Representation Learning

Representation 이 실제로 뭔가

Representation 은 입력에 대해 task 에 중요한 것만 담은 vector 야. 좋은 word embedding space 에서는 man 과 king 이 가까이 있어 — network 가 royal term 들이 cluster 한다는 걸 배웠으니까. Vision encoder 에서 같은 강아지의 다른 각도 사진 두 장이 가까이 있어 — pixel-level identity 가 아니라 강아지 다움 을 배웠으니까.

Representation 은 modern AI 의 load-bearing idea 야. 강한 encoder — 이미지면 CLIP, 텍스트면 sentence-transformer, 오디오면 음성 모델 — 가 있으면 downstream task (classification, retrieval, clustering, recommendation) 는 위에 작은 head 만 올려서 풀 수 있어. 어려운 일은 representation 자체를 학습하는 거였지.

왜 이게 비용 효율적인가

Backbone pretrain 은 비싸 — 가장 큰 모델은 수백만 달러. 근데 한 번 만들어지면 새 task 의 marginal cost 는 작아: 라벨링된 예시 수천 개 모으고, backbone 을 freeze (또는 살짝 fine-tune) 하고, 위에 작은 classifier train. 두 명짜리 팀이 일주일 만에 쓸만한 이미지 분류기 ship 하는 방식이야.

원칙: '어떤 model 을 train 하지?' 보다 'task 에 어떤 representation 이 필요하지?' 를 먼저 물어. 요즘 큰 승리는 대부분 architecture 선택이 아니라 pretrained encoder 선택에서 나와.

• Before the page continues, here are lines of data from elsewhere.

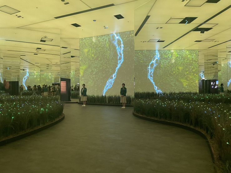 Внутри павильона посетителей встречает прохлада. Главный зал называется Зоной Великой степи. Здесь вместо стен зеркала и экраны. Они создают иллюзию бесконечного пространства, а вместе с оформлением из искусственной травы - вид бескрайней степи.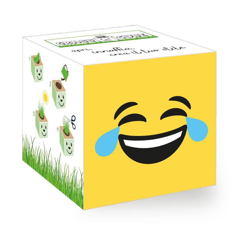 Grass Cube contiene granulato di fibra di cocco, granulato di argilla, vasetto compostabile e i semi.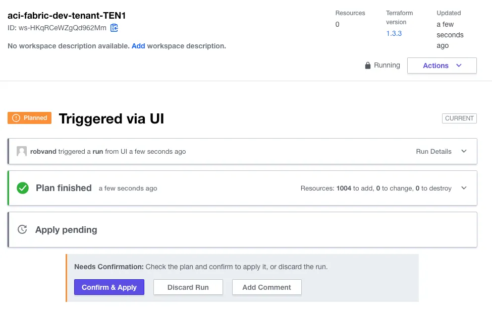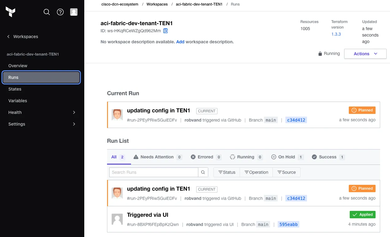 Subsequent changes to the git repository will trigger a run in the workspaces that are watching for specific files to change. An update to data/tenant_TEN1.yaml in the git repository triggered a new run in the aci-fabric-dev-tenant-TEN1 workspace:

Representation 은 training data 를 반영해

한 인종의 사진으로 face encoder 를 train 하면, 그 인종이 representation 의 중심에 가고 다른 인종은 가장자리로 밀려나. 2020 년 영어 뉴스로 pretrain 된 text encoder 는 2025 년 Reddit slang 에서 더 약하고, 한국어에서는 훨씬 더 약해. Encoder 가 뭐로 학습됐는지 아는 게 그걸 잘 쓰는 일의 일부야.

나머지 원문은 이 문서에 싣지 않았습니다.